Akşam olmuş ve ben hafif yorulmuşum. Yalnız eskisi gibi değil artık, evde yapmam gereken ne varsa kızımla yapıyorum, ayaklarımı uzatıyorum, onunla oyun da oynuyorum ama yeri geliyor o oynarken 3-5 sayfa da olsa kitap okuyorum. Kısaca, kızımla düzenli hayatı kurduk artık, gereksiz koşturmacalar ve yıpranmacalar yok. Yemeklerimiz eğlenceli geçiyor, uyku vakitlerimizde genellikle birlikte uykudayız. Sabah da saat 8 civarı kalkıyoruz ve ben çok geç yatmadıysam bu da sorun olmuyor.
Ne diyordum? Her şeye rağmen yoruluyorum tabi sonuçta evde oyunu, telaşı ve merakı hiç bitmeyen bir çocuk var. TV kavramı da olmayınca anne-kız diz dizeyiz. Bazen sitede gezmeye çıkıyoruz, bazen yakınlardaki AVM'ye gidiyoruz tabi en çok kızım eğleniyor. Malum hamilelikten dolayı, çok esnek ve enerjik değilim. Yürürken bile belli bir hız limitim var.
En başta ne diyordum? Yoruluyorum dedim ya biraz da olsa, eşim gelsin diye beklemeye başlıyorum. Hani o gelsin ve kızımla biraz ilgilensin de, bende biraz çocuksuz, biraz yalnız, biraz "Nurefşan" düşüncesinden sıyrılmış olarak kalayım.

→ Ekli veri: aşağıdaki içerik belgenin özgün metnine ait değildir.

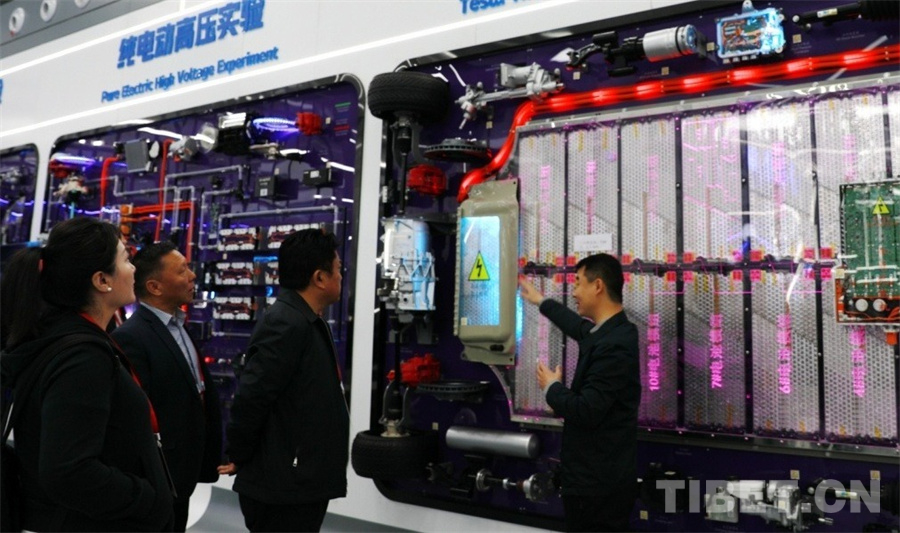 “這是由7104節(jié)電池組成的特斯拉的電池組,它是402伏的高壓電。所以,沒(méi)有經(jīng)過(guò)專(zhuān)業(yè)培訓(xùn)進(jìn)行電動(dòng)汽車(chē)維修會(huì)有一定的危險(xiǎn)性?!北狈絿?guó)際汽車(chē)教育展廳、車(chē)間負(fù)責(zé)人黨超為到訪的西藏自治區(qū)工商聯(lián)民營(yíng)企業(yè)家赴京學(xué)習(xí)參觀團(tuán)一行詳細(xì)介紹著墻上展示的電池組。大家聽(tīng)得津津有味。

Eşim geliyor ve kızım baba diye koşuyor kapıya. Baba-kız bir sarılıyor ki bu manzara bende dinlenme isteği ve yorgunluk bırakmıyor. Dünyanın en şahane manzarasını getirseler değişmem buna, onlar öyle saatlerce dursa bende öyle saatlerce bıkmadan seyrederim o sahneyi.
Mutluluğun resmini, cismini uzaklarda aramama gerek yok. Mutluluk açılan kapının ardındaki bir kucaklayışta gizli, dudağımda sonsuz şükürler ve tek bir dua; beni bu sahneyi seyretme lüksünden asla alıkoyma Allah'ım.
3 yorum:
Harika... Paylaşımlarınız için tebrikler ve teşekkürler. :)
Şükürler olsun... Bugünlerde daha sık şükreder oldum.